The team chosed a combination of a practical approach combined with simulations to ensure scalability for large heliostat field to be build in the future: about 100 small communication devices, so called HelioNodes, were deployed in the DLR Solar Tower Demonstration Plant heliostat field, controlled by a base station located in the tower. The deployment validates the feasibility and the industrial capability of the wireless mesh control system. A good performance of the wireless communication is shown in simulations for huge fields. Additionally, the auto-calibration technology was optimized and successfully tested using self-developed, self-powered 8m² heliostats. These heliostats were tested and optimized with a focus on power management and drive efficiency. Results prove that stepper motors are a good choice in case state-of-the-art electronics are used for control.
The HelioMesh project was successfully completed in 2011 when the meshed network was installed at the German CSP power plant in Jülich. It proved the potential regarding the evaluation of the solar tower technology, with a focus on the introduction of new technologies to reduce cost and time of field construction. Especially the wireless communication proved to be very robust, making it highly competitive in comparison to wired technologies.
A consortium signed responsibility for the project with significant scientific input from the German Aerospace Center. This consortium was comprised of representatives from research institutions, the wider industry, and local energy providers. The power plant was part of DLR’s “Solar Thermal Testing and Demonstration Power Plant“ project. After its successful completion – since July 1, 2011 – Stadtwerke Jülich GmbH, who is the regional energy provider, started operating the sun tower power plant. The federal state of North-Rhine Westphalia funded the project.
To this day, the DLR engages in research and scientific development at the Jülich site.
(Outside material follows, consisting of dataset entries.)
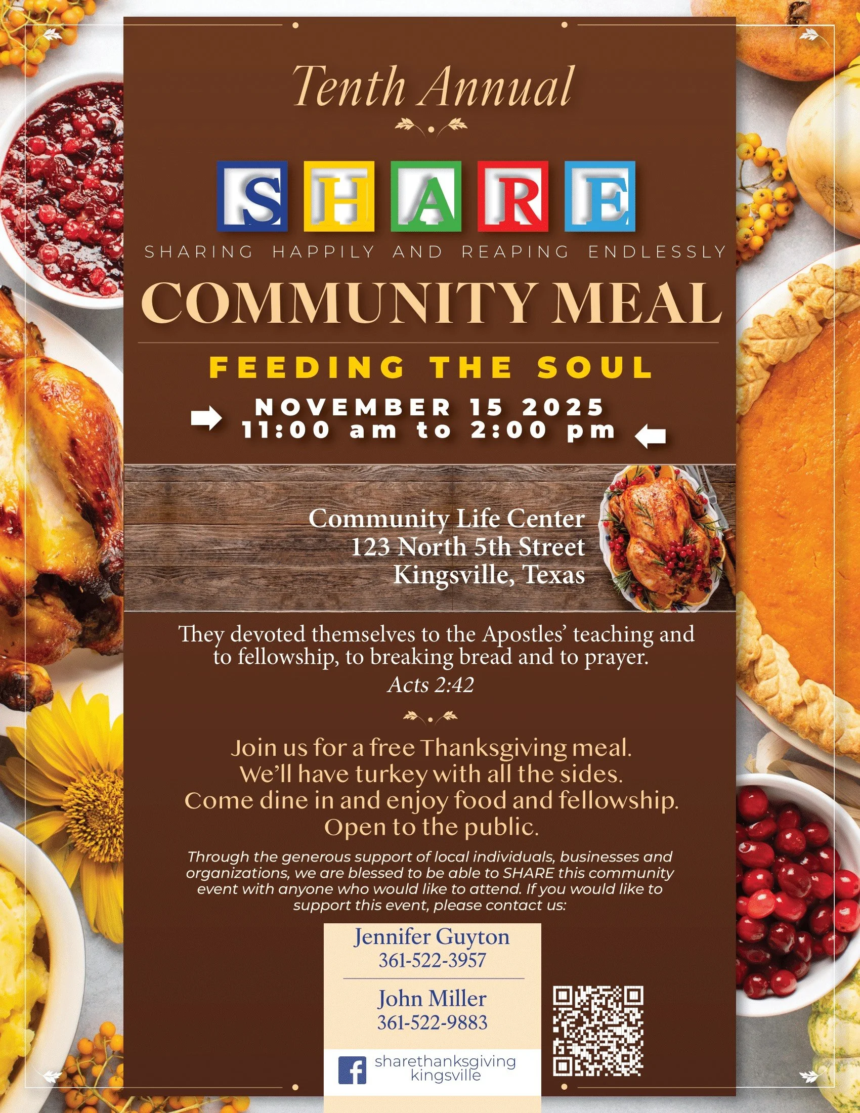 The SHARE committee will be hosting their 10th annual Thanksgiving celebration.
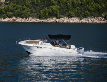 Experience the ultimate Adriatic adventure aboard the 2018 Atlantic Marine Open 750, operated by Blue Mile Dubrovnik. Perfect for up to eight guests, this sleek center console boat is powered by a 250 HP Honda outboard engine, reaching cruising speeds of up to 30 knots, ideal for exploring Dubrovnik’s stunning coastline and nearby islands.
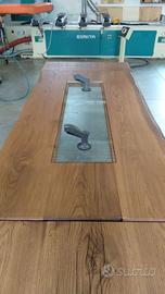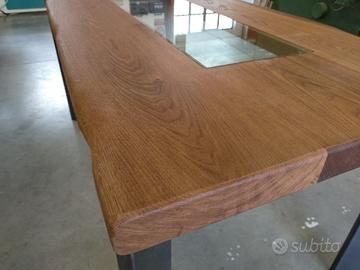 Tavolo costruito in rovere vecchio recuperato da trave mantenendo effetto scortecciato laterale, con misura lunghezza 170 prof.90 h 80 composto con 4 gambe in ferro con tubolare da 10 x 4 con piastra sottostante e gomma applicata in modo da non rovinare il pavimento, sopra tra gamba e gamba traverso in ferro per stabilità e sicurezza del tutto avvitato parte sottostante con viti, lo spessore del piano è di circa 5,5 cm circa, parte interna scavata per alloggiare all'interno uno spazio per decori con vetro con misura 110 x 30. Compreso 2 allunghe esterne al tavolo da riporre in un angolo della casa con baionette da inserire successivamente con misura 50 cm cadauna tutto spazzolato e levigato in modo che sia morbido al tatto, finitura effetto grezzo per il piano con questo prodotto nessun liquido penetra all'interno e gambe verniciate finitura nero opaco. Essendo un laboratorio artigianale costruiamo mobili e quant'altro su specifiche ed esigenze del cliente, iva da calcolare a parte franco fabbrica. il tavolo è già stato prodotto e venduto su commissione non teniamo magazzino ma essendo i diretti produttori possiamo costruirlo come uno lo desidera in base alle proprie esigenze. trattate direttamente con il produttore per dubbi e chiarimenti contattateci. ASTENERSI RIVENDITORI E COMMERCIANTI
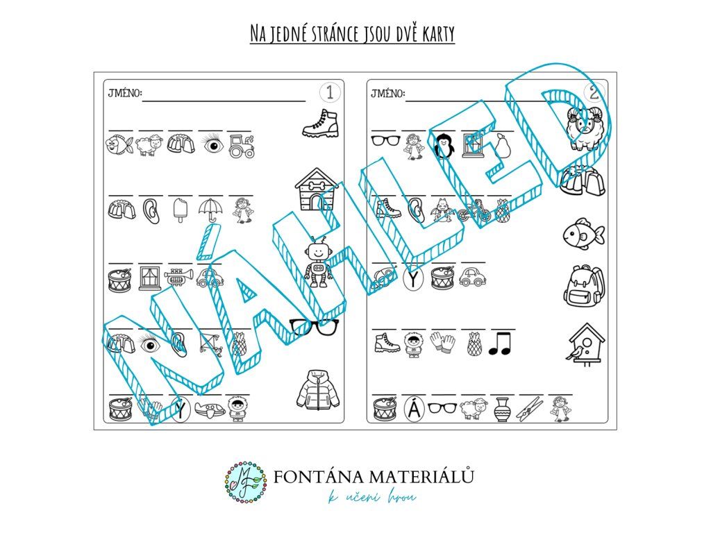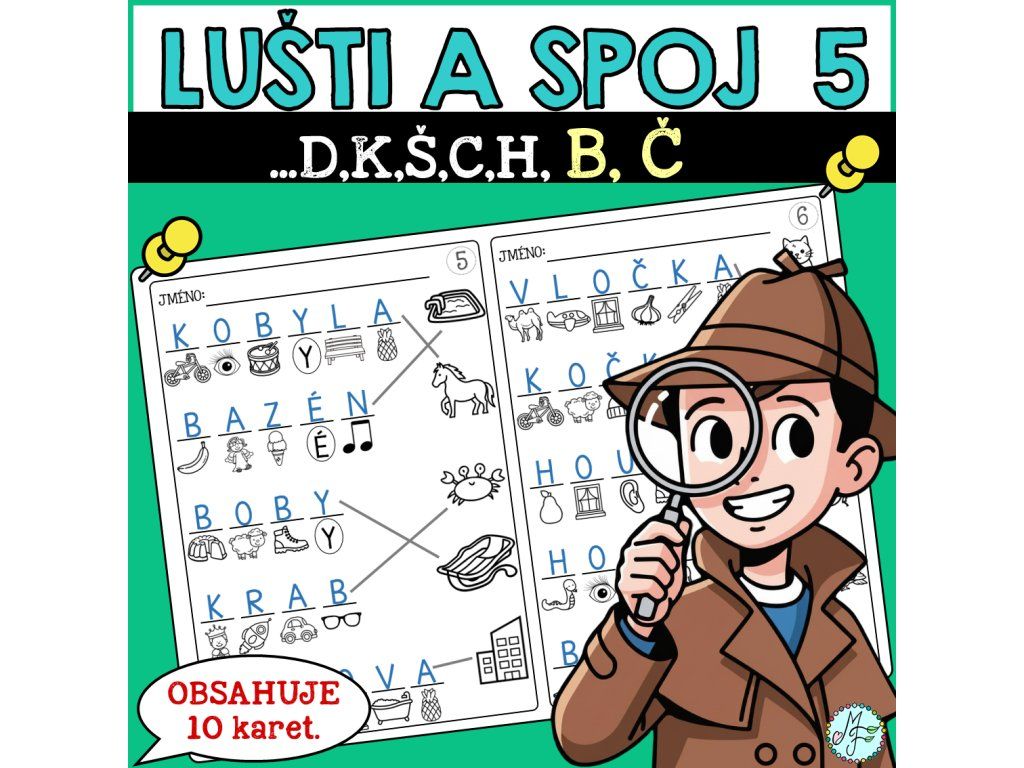 Nácvik čtení slov s písmeny B a Č. Procvičování sluchové analýzy (první hláska ve slově). Procvičování čtení s porozuměním (přiřazování obrázků ke slovům).
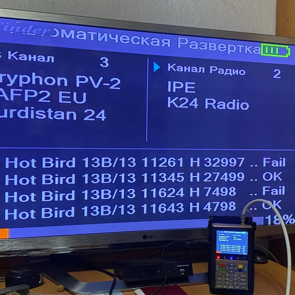 Этот SatFinder поддерживает тон DiSEqC1.0/1,1/1,2/USALSand 22 kHz, поддерживает AV вход и AV/HDMI-совместимые выходные функции.
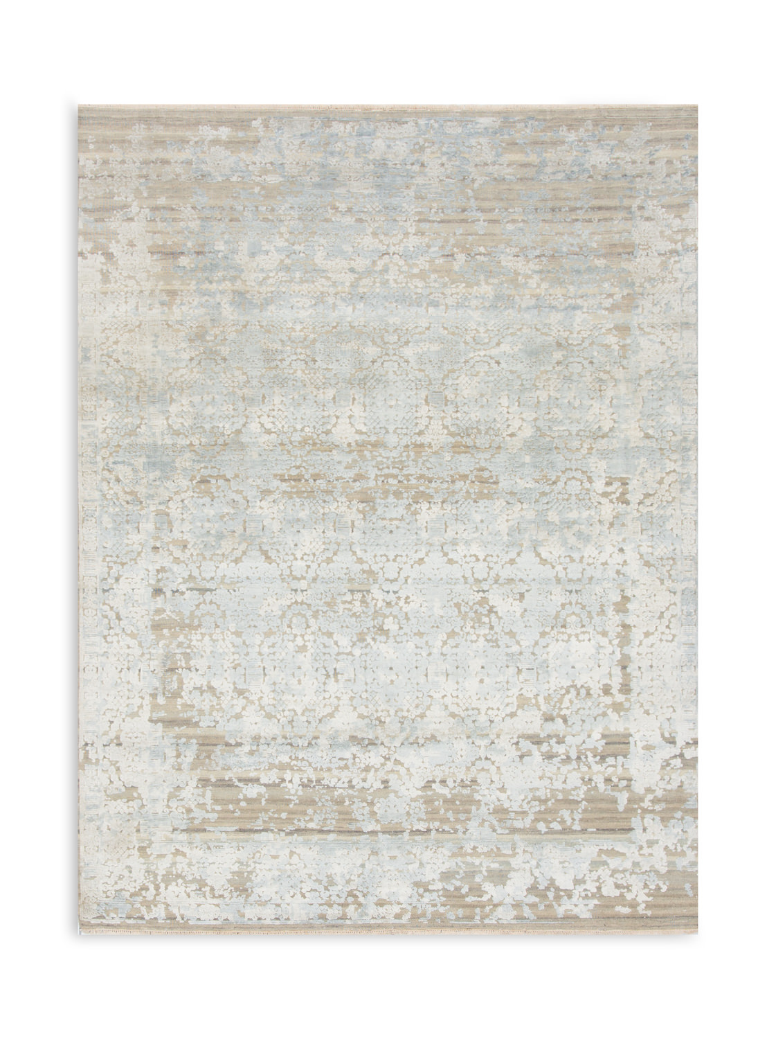 This beautiful one of a kind rug was hand selected by our rug buyers in India. It is hand knotted and made of 100% premium wool and will add color and warmth to any room. They subtle grey pattern will add sophisticated to your room's design. This rug is only available at the specified showroom listed.
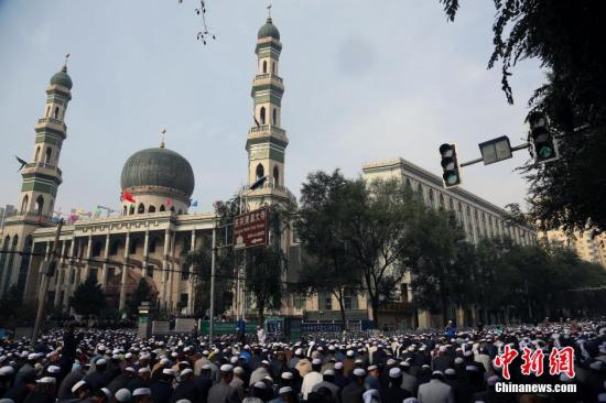 9月24日,青海省西宁市超过15万穆斯林民众齐聚到拥有900多年历史的西宁东关清真大寺会礼,喜迎古尔邦节。青海省穆斯林人口数约占该省总人口五分之一。古尔邦节是伊斯兰教两大节日之一,又称宰牲节,与开斋节并称为伊斯兰教的两大节日。图为在西宁东关清真大寺外参加会礼的穆斯林民众。中新社记者 罗云鹏 摄
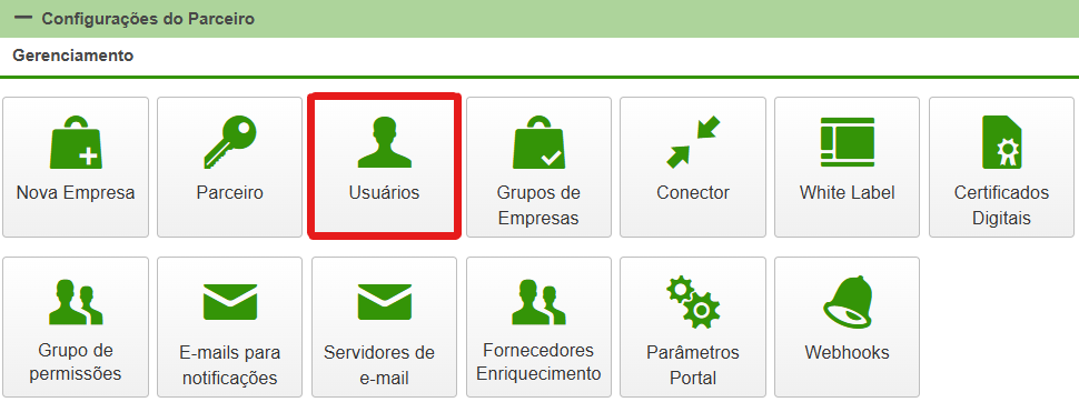Para iniciar o cadastro de usuário de parceiro, acesse o grupo Parceiro na seção "Painel de Controle" e clique no ícone "Usuários", conforme evidenciado abaixo:
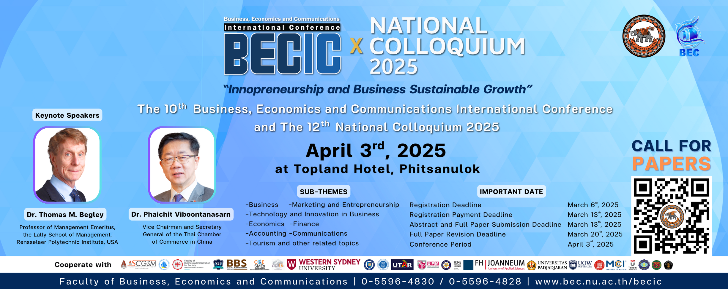 คณะบริหารธุรกิจ เศรษฐศาสตร์และการสื่อสาร ขอเชิญส่งผลงานและเข้าร่วมโครงการประชุมวิชาการระดับนานาชาติ ครั้งที่ 10 ประจำปี พ.ศ. 2568 และโครงการนำเสนอผลงานทางวิชาการระดับชาติ ครั้งที่ 12 ประจำ พ.ศ. 2568
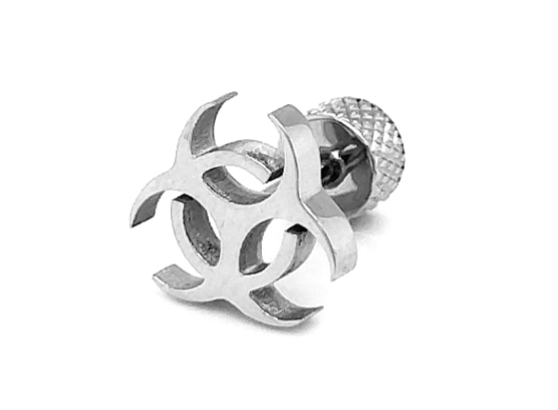 - 9 mm diameter biohazard sign- Single screw back earring- Sold as single earring- High polished 316L surgical stainless steel
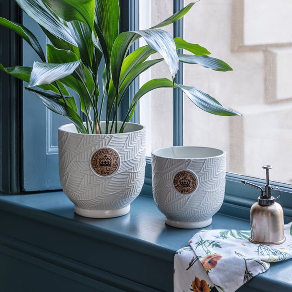 Enhance your indoor garden with the Kew Leaf Embossed Ivory Cork Planter, available in a range of sizes and colours. Its elegant leaf pattern and cork Kew logo are finished with a stunning reactive glaze, offering a sophisticated and versatile option for plant lovers.

Together with partners from industry and research institutions, the DLR is developing additional equipment and establishing test fields to upgrade the Jülich experimental solar power plant and to turn it into a full-fledged solar research center. A variety of research projects include research and test runs for new components and processes that could help make solar power plants more cost-effective and much more energy-efficient. Other research projects that are well on their way are methods to produce solar fuels, and to use solar thermal installations for industrial processes (such as sea water desalination).
When you look at the site from a bird’s view, an area of about ten hectares, controlled by 2153 mirrors, stretches out before you. The heliostats redirect the incident solar radiation to the top of a 60 meter high solar tower where the focused sunlight is collected via a 22 m² solar receiver and converted into heat. The receiver consists of a porous ceramic material that is constantly permeated by ambient air. In the process, the air reaches a temperature of up to 700 degrees Celsius. It is then used to generate steam that, in turn, powers a turbine generator to produce electricity.
The powerful sun tower has an output of 1.5 MW, which is fed into a medium-voltage public grid. A high-temperature heat storage buffer is put in place. It decouples the energy requirement of the process from any temporary fluctuations of incoming solar radiation and ensures a steadier feed into the grid.
Research is continuing with a clear aim: Establishing a complete solar research center. Primary areas of research are to study newly designed mirror systems for redirecting and concentrating sunlight, solar absorbers, and the practical application of energy storage systems. Further research looks at theoretical and computer-assisted analysis and engineering developments in the field of flow mechanics and heat transfer. For these purposes, the site has been given a number of additional office, workshop and storage facilities in the immediate vicinity of the solar tower.
The HelioMesh project was successfully completed with a live test in Jülich. It’s purpose was hardware and software verification as well as investigation into achievable quality levels of service. Technological improvement continues to spur on all parties involved. During the AutoR project, a testbed will also be set up in Jülich.